La previa de un nuevo viaje.

En la víspera de una nueva aventura por tierra americana, organizo de a poco mis cosas, compro prendas de ropa, lentes de sol, una cámara nueva, protector solar y calzado. Es momento de reserva de pasajes de bus al aeropuerto, reuniones con el resto de los viajeros, gestionar hotel para el día de llegada y empezar a escribir algunas líneas de lo que será un nuevo diario de viaje. Leo artículos sobre seguridad, sitios atractivos e informes del tiempo. La expectativa crece.
 
Estoy a solo unos días de abordar un avión que me dejará junto a unos amigos en un destino nuevo en la mitad del mundo: el Ecuador. Se trata de un destino seleccionado casi por obra y gracia del descarte. Con Brian, Martín y Sebastián, habíamos evaluado diferentes sitios: Jamaica, Costa Rica, el caribe colombiano, el nordeste de Brasil y Europa Occidental. Por distintas razones fuimos desistiendo de escoger estos lugares y finalmente elegimos dejarnos seducir por este pequeño pero cambiante enclave del norte sudamericano. Los porqués se agolparon luego en la mochila de nuestras razones. Pocos países cuentan con el privilegio de tener una geografía tan variada en pocos kilómetros cuadrados: la costa, la sierra y la selva locales nos guiñan el ojo y nos invitan a conocerlas.

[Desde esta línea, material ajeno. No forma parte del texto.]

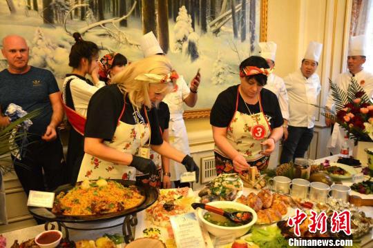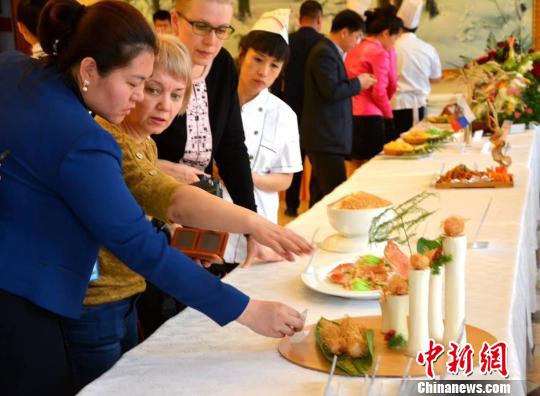 中新网东宁4月26日电 (史琳 姜辉)25日下午,中俄两国共9支代表队齐聚中国边境小城黑龙江省牡丹江东宁市,参加了首届“银河杯”中俄厨艺友谊赛。来自中俄两国嘉宾、评委和美食专家们共200余人齐聚一堂,共同领略国际厨艺风情,品鉴中俄美味佳肴。

Un año atrás recorría parte del cono sur americano entre salares, lagos, desiertos y ciudades esculpidas hace siglos en las laderas de las montañas andinas. Fue el inicio de un viaje de un mes que me llevó por Argentina, Bolivia, Perú y Chile. Facebook me recuerda esta travesía mientras me preparo para comenzar otra.
Quiero volver a ver las montañas y aproximarme al volcán Chimborazo, el punto más cercano al sol y más alejado del centro de la Tierra debido al ensanchamiento del planeta en estas bajas latitudes. Anhelo poner un pie por primera vez en el hemisferio norte al llegar a la mitad del mundo, próximo a Quito. 
 
No sé todavía si realizaré algún deporte extremo al estilo andanzas en bicicleta al borde de un abismo de cientos de metros,  pero aparentemente el haber culminado con buen suceso esa travesía -la carretera de la muerte-, significa para mis amigos mi certificado de aventurero intrépido. Parecen aguardar que haga algo similar y no dejan de sorprenderme albergando tal expectativa. Tengo claro que de visitar Baños de Agua Santa, ir a la Casa del Árbol es una cita obligada. De estar allí, hamacarme en el Columpio del Fin del Mundo resultaría una tentación casi ineludible. Por mi cabeza ha pasado la idea de hacer puenting (bungee) y arrojarme al vacío con una cuerda elástica cayendo al precipicio. Nada menciono de todos maneras, porque hay que estar allí y sopesar la situación y las sensaciones en el lugar, antes de decidir qué hacer. Solo espero tener el valor necesario.